I primi tempi furono duri. Io ero nato e vissuto sino ad allora in una grande città. Una città bella, dove i tramonti colorano di rosa quella fascia tra il mare ed il cielo dove si posa lo sguardo di piccoli uomini che, solo per questo, possono ringraziare di essere nati. Una città piena di storia, dove passeggiando perdi la cognizione del tempo e conta soltanto chi hai affianco.
In quei momenti ti convinci che batti la terra, fatta di eleganti selciati in pietra, e di stradine strette, e di torri sicure e svettanti, esattamente come facevano i tuoi avi: volendole bene.
Ma ad Ocibello no! Sembrava un posto dimenticato da Dio. Ogni particolare di quel paese, appena arrivai, mi parve sgradevole.
Ero sacerdote solamente da tre anni, ma avevo già imparato bene la lezione: siamo tutti uguali. Ma non potei fare a meno di notare che ad Ocibello ci fosse meno bellezza che nella mia città.
C’era più gente sdentata e con una gran puzza d’alito. Ad ogni angolo di strada un gran fetore, come se ogni soldato del più numeroso esercito del mondo avesse orinato proprio lì, in quell’angolo!
Non dimenticherò mai il giorno in cui arrivai nel paese che mi diede la vita.
Era circa mezzogiorno: arrivai a bordo della mia utilitaria bianca. Anche uno stolto avrebbe capito che si trattava della macchina di un prete o, al più, di un gruppo di suore, di quelle che, oggi, i ragazzini si toccano scaramanticamente quando passano.
Allora non era da tutti possedere un’automobile, tantomeno era consueto per un sacerdote.
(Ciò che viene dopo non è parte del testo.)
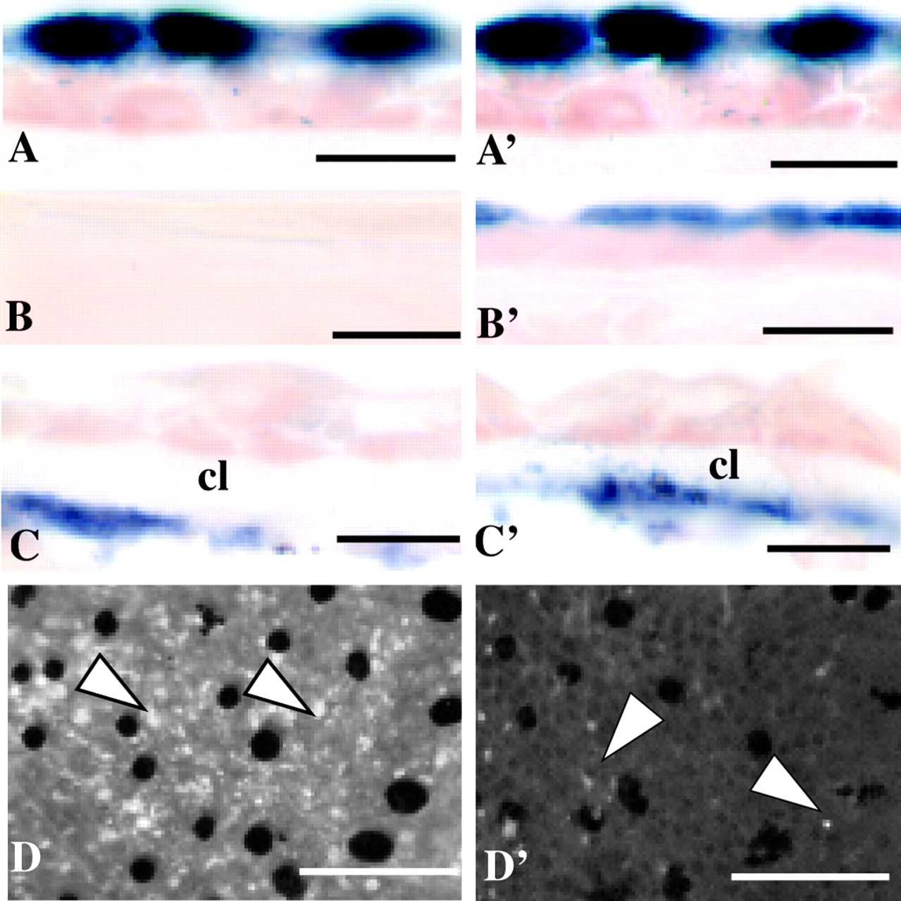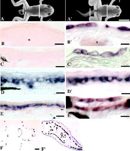 Froglets (NF 64) transgenic for Ker:TRDN retain larval epithelium at the end of metamorphosis. Vertical lines denote regions of skin sectioned from the body and tail of a WT (A) and Ker:TRDN (Aâ²) froglet. (B) Gene 19 expression (dark blue/purple) visualized by in situ hybridization is absent in WT body and tail (F) skin but retained in transgenic body (Bâ²) and tail (Fâ²) skin (black dots are pigment clusters). * denotes adult skin glands. Larval keratin expression in body skin is absent in WT (C) but present in transgenic (Câ²) skin. Adult keratin is expressed in basal cells of both WT (D) and transgenic (Dâ²) skin. Body skin labeled with both gene 19 and adult keratin show the retention of gene 19 expression in transgenic skin (Eâ²), but not in control skin (E). Control (F) and transgenic (Fâ²) tail tips hybridized with gene 19 probe identify retention of larval gene expression in the Ker:TRDN animal. [Scale bars: 500 μM (A and Aâ²), 5 μM (BâEâ²), and 50 μM (F and Fâ²).]

Volli lasciare la vettura fuori dal paese: percorsi a piedi una ripida salita, l’ultima necessaria per arrivare al fatidico villaggio. E mi trovai davanti a quelle quattro case dall’aspetto derelitto. Non fui abbastanza stanco da non notare il penoso spettacolo: sprofondai nella depressione più subitanea della mia vita.
Scuro in volto, percorsi le stradine del paese verso la chiesa che, con un grande campanile in una piccola piazza, svettava sproporzionatamente nel borgo asimmetrico. Camminavo con lo sguardo rivolto per terra e sapevo che un migliaio di occhi in quel momento erano tutti per me. Come lame mi trapassavano la carne. Tutta quell’ignoranza voleva ferirmi ed avvisarmi…
Ma il mio passo non doveva tradire alcuna emozione; sapevo che il mio futuro, lassù, sarebbe dipeso dal modo che avevo di camminare in quel momento. Mi convinsi che la testa china non era segno di remissività ma, al contrario, di forza e di fiducia in me stesso.
Non c’era tempo per essere depressi, dovevo avvisarli…
Tutti mi guardavano, ero già il mattatore!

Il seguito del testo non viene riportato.